══ EXTRACTED INFORMATION ══

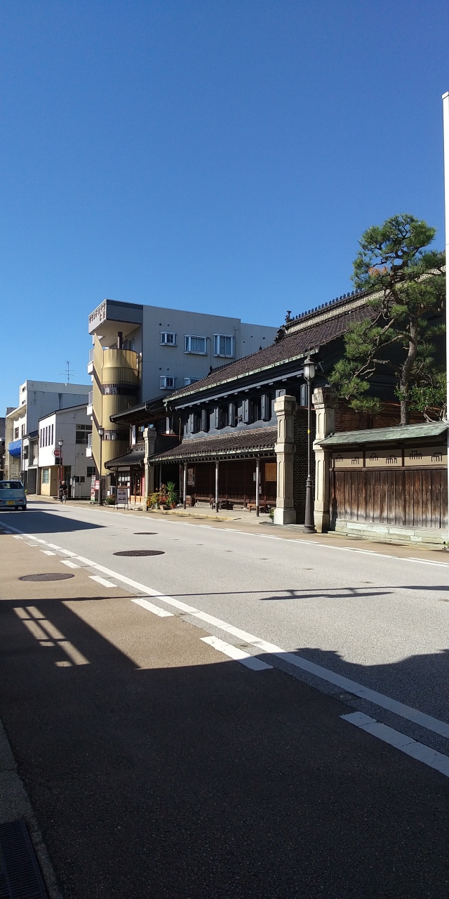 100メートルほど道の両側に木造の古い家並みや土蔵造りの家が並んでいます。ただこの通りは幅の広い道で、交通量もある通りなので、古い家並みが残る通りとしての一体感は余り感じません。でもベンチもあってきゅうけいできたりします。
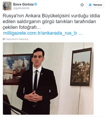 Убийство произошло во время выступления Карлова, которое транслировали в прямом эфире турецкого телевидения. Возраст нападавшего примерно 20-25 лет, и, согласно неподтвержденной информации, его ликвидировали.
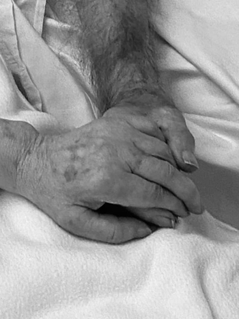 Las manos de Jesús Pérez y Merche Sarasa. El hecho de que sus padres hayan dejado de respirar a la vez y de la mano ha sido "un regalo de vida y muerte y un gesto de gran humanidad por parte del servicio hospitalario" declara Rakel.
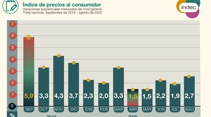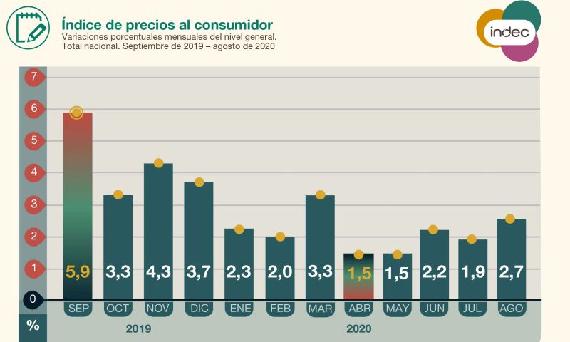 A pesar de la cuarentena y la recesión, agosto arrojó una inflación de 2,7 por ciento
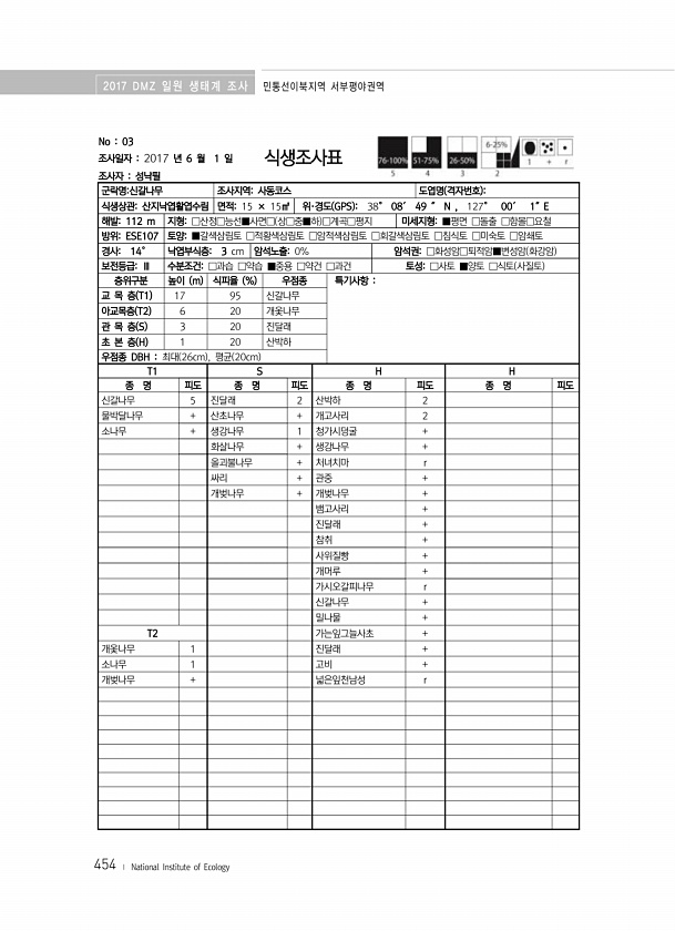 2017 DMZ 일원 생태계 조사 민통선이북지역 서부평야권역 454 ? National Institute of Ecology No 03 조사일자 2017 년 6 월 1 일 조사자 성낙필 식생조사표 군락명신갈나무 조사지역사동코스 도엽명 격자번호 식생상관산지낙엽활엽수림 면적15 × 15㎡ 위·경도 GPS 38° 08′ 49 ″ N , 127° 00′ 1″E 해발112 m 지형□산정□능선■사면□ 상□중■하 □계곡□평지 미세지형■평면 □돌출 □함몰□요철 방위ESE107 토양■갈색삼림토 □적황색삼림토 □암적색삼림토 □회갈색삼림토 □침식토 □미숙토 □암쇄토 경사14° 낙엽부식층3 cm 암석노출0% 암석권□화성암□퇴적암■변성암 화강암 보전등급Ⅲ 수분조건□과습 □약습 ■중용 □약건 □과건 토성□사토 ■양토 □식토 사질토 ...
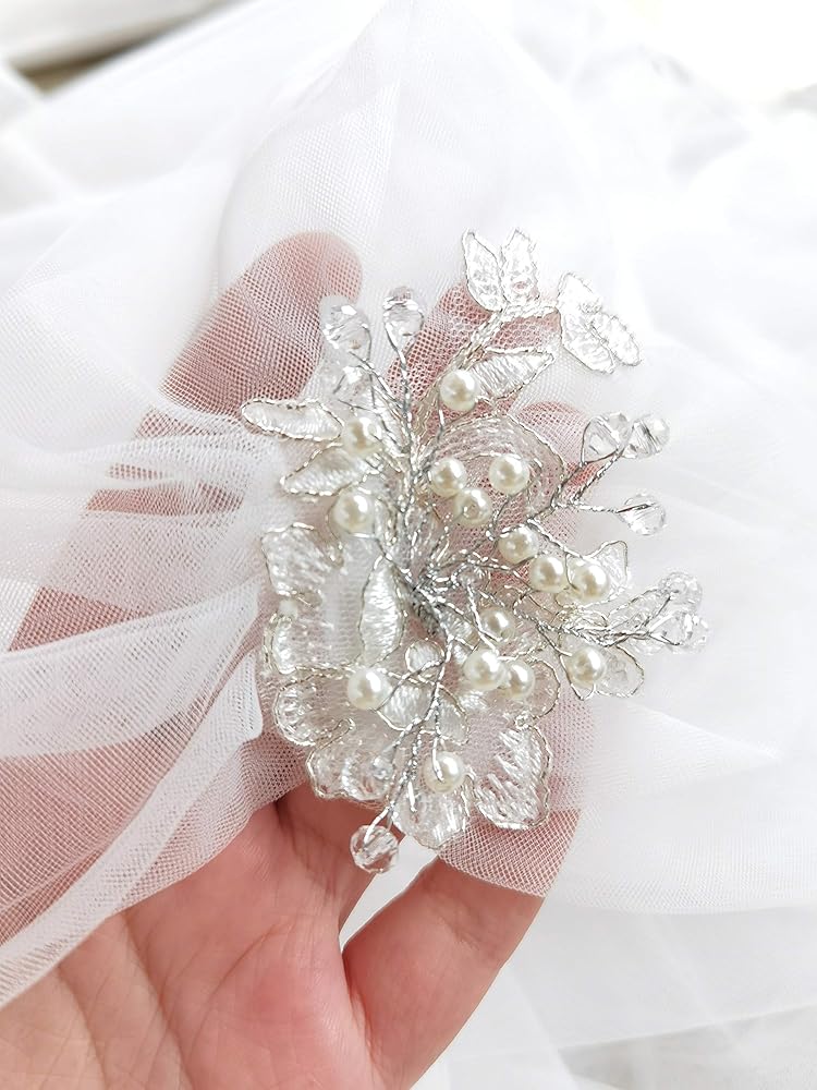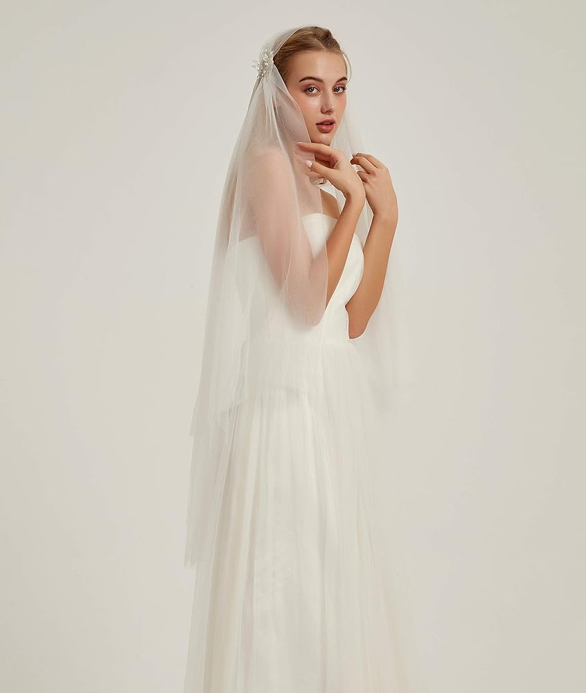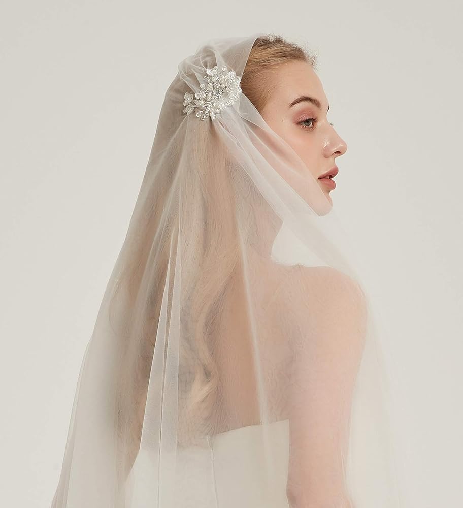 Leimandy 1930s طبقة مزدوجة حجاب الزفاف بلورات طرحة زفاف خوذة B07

═══

### HOW TO COMPLETE THIS TASK:
Print, exactly as written, the lines above from the first one to the one containing "A pesar de la". Leave out pictures.

### SOLUTION TO THE PROBLEM:
 100メートルほど道の両側に木造の古い家並みや土蔵造りの家が並んでいます。ただこの通りは幅の広い道で、交通量もある通りなので、古い家並みが残る通りとしての一体感は余り感じません。でもベンチもあってきゅうけいできたりします。
 Убийство произошло во время выступления Карлова, которое транслировали в прямом эфире турецкого телевидения. Возраст нападавшего примерно 20-25 лет, и, согласно неподтвержденной информации, его ликвидировали.
 Las manos de Jesús Pérez y Merche Sarasa. El hecho de que sus padres hayan dejado de respirar a la vez y de la mano ha sido "un regalo de vida y muerte y un gesto de gran humanidad por parte del servicio hospitalario" declara Rakel.
 A pesar de la cuarentena y la recesión, agosto arrojó una inflación de 2,7 por ciento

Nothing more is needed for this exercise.